Если бы «речь Менелая», которая озаглавлена у Эннодия как Verba Menelai cum Troiam vi-deret exustam, была составлена латинским ритором II или III в., мы, скорее всего, встретили бы описание поля брани и павших в сражении мужей, подобное тому, какое оставил Саллюстий в конце книги о заговоре Катилины (Sail. Cat. 61) или Лукан в VII книге «Фарсалии» (Lucan. Phars. VII, 786-873). Однако речь Эннодия, еще более краткая, чем рассмотренная выше (в издании Ф. Фогеля она укладывается в 23 строки [3, S. 289]), совершенно не содержит ни рассказа о Троянской войне, ни оплакивания павших героев, ни изображения скорбящих жителей Трои. И это вовсе не потому или, по крайней мере, не только потому, что ход Троянской войны и ее результат был хорошо известен читателям Эннодия [7, S. 264]. Медиоланский ритор и диакон в качестве главной темы своей речи избирает тему целомудрия и крепости брачных уз. Победа, одержанная Менелаем, подарила не только отмщение за поруганную честь обманутого мужа, но и привела прелюбодеев к раскаянию. Менелай называет обиду, причиненную ему, «почти счастливой» (paene felix), поскольку она «удостоилась такой мести». Он не развивает далее мысль об отмщении (vindicta), а акцент переносит на покаяние (pae-nitentia) и на дидактический смысл всей троянской истории. Продолжая, он говорит о благотворности всего того, что причинило ему боль, поскольку все, последовавшее за похищением Елены, в конечном итоге привело виновников его скорби к раскаянию (Ennod. Op. 414, 2). В результате вся история Троянской войны превращается в речи Эннодия в утверждение с помощью силы «законов брака». «Мы, - произносит Менелай у Эннодия, - продиктовали законы брака не посредством слов, но с помощью мечей» (Ennod. Op. 414, 4). Вина за нарушение этического порядка возлагается Менелаем на Париса, но для Эннодия-христианина важно было дать увещевание и самим замужним женщинам, которые, движимые грехом, покупаются на соблазны прелюбодеев, поэтому Менелай произносит в конце речи: «скажите, вы, носящие имя жен, не вспоминается ли вам доблесть

и имя Менелая всякий раз, как в сердце к вам пробираются пороки?» (Ennod. Op. 414, 5).
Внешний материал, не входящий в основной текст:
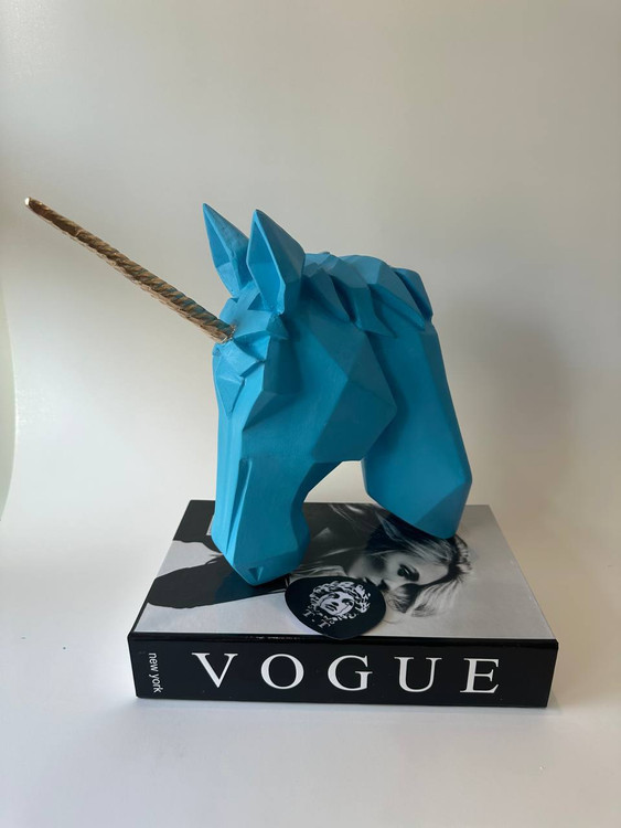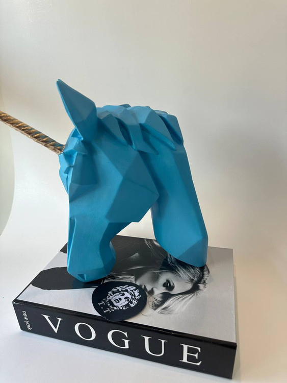 اگر به دنبال آیتمی خاص و فانتزی برای دکور فضای خود هستید، این تکشاخ آبی با طراحی ژئومتریک و شاخ طلایی، انتخابی جسورانه و منحصربهفرد خواهد بود. الهامگرفته از دنیای خیال و فانتزی، این مجسمه میتواند روحی تازه به اتاق کار، اتاق کودک یا حتی ویترین فروشگاهتان ببخشد.
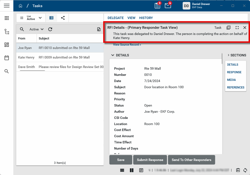 Some applications allow users to delegate, i.e. reassign, tasks to other users. If available, you can select Delegate from the action bar to reassign the tasks to another Kahua user. That user will be able to act on the task on your behalf. For more information, refer to Delegate a task to another user.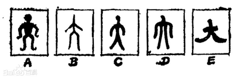 옆 모양을 보이는 자들의 그 흔함 때문에, 측면의 人은 점차 보편성을 갖게 된다. 그 영향으로, 정면의 大는 사람을 가리키는 글자에서 도태되고, 더 이상 사람을 지칭하지 못하게 된다. 다만, 글자 자체는 남아 그 파생한 의미인, ‘크다’, ‘훌륭하다’, ‘많다’의 뜻으로 가차 한다. 사람 大가 큰 大가가 되어진 대략의 경과가 그러하며, 이것은 상형자(象形字)가 가차하여 지사자(指事字)로 변한 대표적인 사례이다.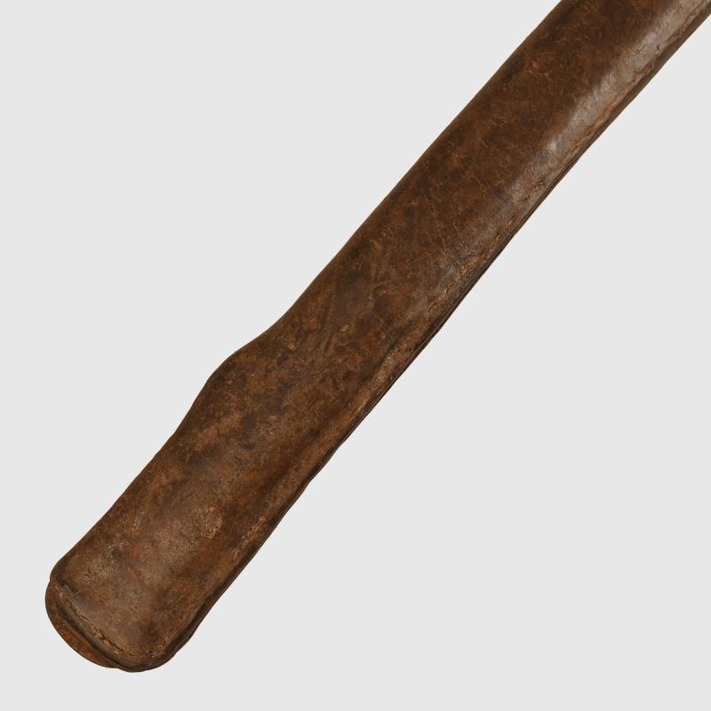Generally good blade, bright, with its long single fuller, numbered ‘63857’ with its standard NCO cut out cross guard (tsuba). The aluminium faux wrapped hilt with some oxidisation, still with its hanging ring and its closure catch, Japanese ordnance marked on the lower part of the hilt, in its scabbard, which is number mismatched, which unusually for an NCO sword has a leather combat cover. The combat cover has a small section of possibly 20cm where the stitching along the closure seam has opened. The sale of Knives, other Edged Weapons and Firearms are restricted to those aged over 18. Verification of age is required before purchase is concluded, this will include providing a scan of photo ID including your address and in some cases may require video verification by FaceTime or WhatsApp video, at Regimentals discretion, until formal laws on this requirement are enforced in the UK.

Таким образом, в обеих речах, вложенных в уста героев языческой литературы, по-прежнему активно читаемой в школах принявшей христианство Европы, Эннодий поднимает этические вопросы, получившие особую остроту в христианстве. Довольно скудная «милитаристическая» лексика в речах участников Троянской войны (triumphus, gladius) теряется на фоне большого количества этических понятий, ставших неотъемлемой частью христианского языка (paenitentia, peccatum, sceleratus, vitium, honesti mores).

Еще одна речь Эннодия, которую необходимо рассмотреть в настоящей статье, представляет из себя контроверсию, упражнения по составлению которой также входили в программу риторических школ. От Эннодия дошло десять контроверсий, в которых обсуждаются довольно стандартные «дела»: о после, предавшем отчизну, о мачехе, которая из-за ненависти к пасынку прибегает к яду, об игроке в кости, который проиграл землю своих предков, и др. Большинство тем не утратили своей актуальности в эпоху Эннодия. Так, еще свежа была память о «предательстве» Стилихона и Бонифация [6, p. 75], бытовые же казусы, внутрисемейные проблемы вообще стоят вне времени.

Предметом нашего дальнейшего рассмотрения станет лишь одна из контроверсий Эннодия, которая в издании Ф. Фогеля опубликована как 21-я речь [3, S. 260-265] и озаглавлена: «Против одного отца, который, отказавшись выкупить у пиратов сына, тем не менее требовал, чтобы тот содержал его» (Ennod. Op. 363). Эта речь Эннодия самая объемная и самая сложная в собрании его речей. Тема речи, как того требовали правила их составления, заявлена в самом ее начале. Это закон, который гласит: «Дети либо должны кормить родителей, либо должны быть заключены в тюрьму» (En-nod. Op. 363, 1). Как уточняет сам Эннодий, «закон» позаимствован у Квинтилиана, хотя, в действительности, обсуждение этого юридического тезиса принадлежало неизвестному автору, чьи труды стали известны с конца IV в., и дошло до нас в собрании речей Псевдо-Квинтилиана [8, p. 148-149].

Дав формулировку «закона», Эннодий приводит в том же первом разделе речи «казус»: «У одного [отца было] два сына: добродетельный и беспутный. Оба попали к пиратам. Написали отцу по поводу выкупа. И отец, продав свое имущество, устремился к пиратам. Ему был предложен выбор: выкупить того [сына], которого захочет, - ибо средств [для выкупа обоих]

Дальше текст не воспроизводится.